They are actually increasing in size.
Once a year or so, journalists from major news outlets travel to the Marshall Islands, a remote chain of volcanic islands and coral atolls in the Pacific Ocean, to report in panicked tones that the island nation is vanishing because of climate change. Their dispatches are often filled with raw emotion and suggest that residents are fleeing atolls swiftly sinking into the sea.
Yet new research shows that this is not the entire—or even an accurate—picture. Acknowledging this doesn’t mean that global warming isn’t real, or that world leaders and scientists shouldn’t tackle the adverse effects of climate change, but hype and exaggeration serve no one.

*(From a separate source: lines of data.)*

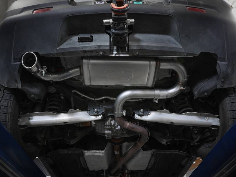 This axle-back exhaust system is constructed of 2-1/2 IN mandrel-bent 304 stainless steel tubing for maximum strength and durability. This system features a high-flow 304 stainless steel muffler, producing a deep sound. Finishing off this exhaust system is a 3-1/2 IN diameter polished 304 stainless steel clamp-on exhaust tip. The tip features a laser etched aFe POWER logo for a unique style. This system produces a deep sound unleashing all available horsepower and torque. Cutting is required, see instruction sheet for further information. Utilizing factory style hangers this system mounts directly to factory mounting locations for a hassle-free installation. State-of-the-art computer-aided design technology is utilized for precise vehicle fitment. 100% MIG-Welded for race-proven strength and durability.
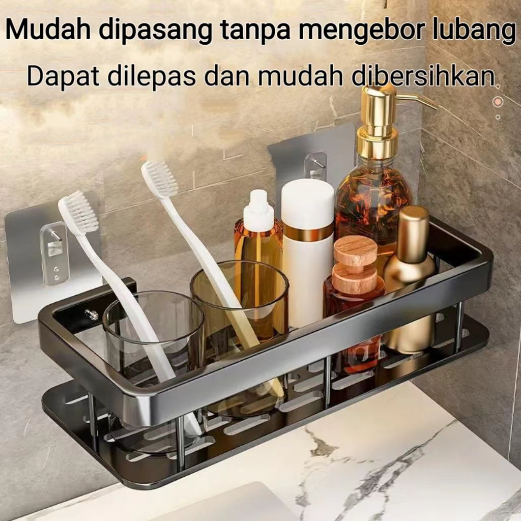 Aluminium R Angkasa Rak Kamar Mandi Sudut Rak Susun Tempel Dinding Rack Tempat Sabun Bumbu Rak Serbaguna
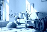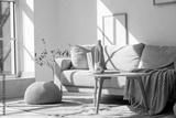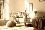 Stylish interior of living room with cozy sofa and coffee table with decor
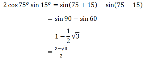 Hasil dari 2 cos 75° sin 15° adalah ....
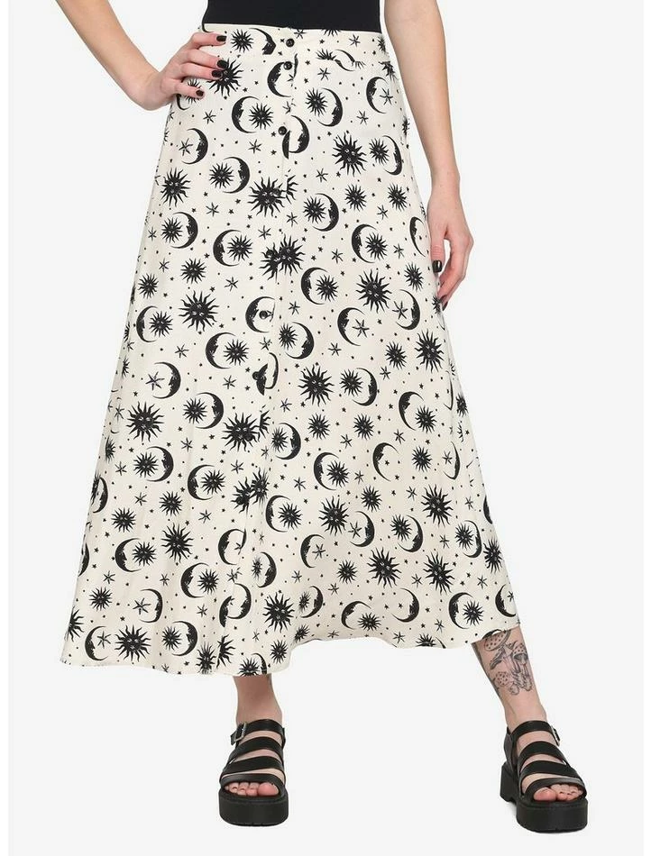 Get among the stars with this ivory and black celestial print skirt featuring a front-button closure and midi length.ย
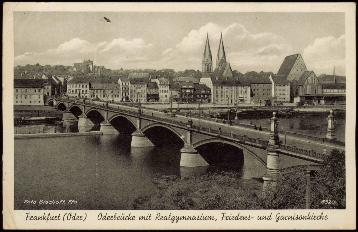 Ansichtskarte: Oderbrücke mit Realgymnasium, Friedens- und Garnisonkirche - Frankfurt (Oder)
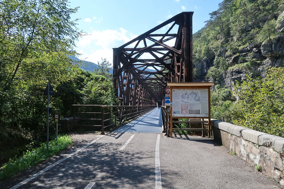 Mit dem Zug erreicht man Carnia. Von hier aus zum Beginn des Radwegs ist es 1 km, man folgt der Beschilderung des Alpe Adria Radwegs in nördlicher Richtung. Die Umgehung Resiutta-Carnia auf der rechten Seite des Flusses ist mit dem Ausbau der Trasse überflüssig geworden. Kerzengerade führt eine breite Brücke über die Fella. Hier liegen noch alte Bahngleise, wahrscheinlich von der Strecke Carnia - Tolmezzo - Villa Santina. (stillgelegt im Jahr 2000) Wer dennoch die Variante nach Resiutta fahren will, findet unten die Beschreibung.

Using historic aerial photographs and high-resolution satellite imagery, Auckland University scientists Murray Ford and Paul Kench recently analyzed shoreline changes on six atolls and two mid-ocean reef islands in the Marshall Islands. Their peer-reviewed study, published in the September 2015 issue of Anthropocene, revealed that since the middle of the 20th century the total land area of the islands has actually grown.
How is that possible? It seems self-evident that rising sea levels will reduce land area. However, there is a process of accretion, where coral broken up by the waves washes up on these low-lying islands as sand, counteracting the reduction in land mass. Research shows that this process is overpowering the erosion from sea-level rise, leading to net land-area gain.
This is not only true for the Marshall Islands. The researchers write that within the “recently emerging body of shoreline change studies on atoll islands there is little evidence of widespread reef island erosion. To the contrary, several studies have documented noteworthy shoreline progradation [growth] and positional changes of islands since the mid-20th century, resulting in a net increase in island area.” The most famous of these studies, published in 2010 by Paul Kench and Arthur Webb of the South Pacific Applied Geoscience Commission in Fiji, showed that of 27 Pacific islands, 14% lost area. Yet 43% gained area, with the rest remaining stable.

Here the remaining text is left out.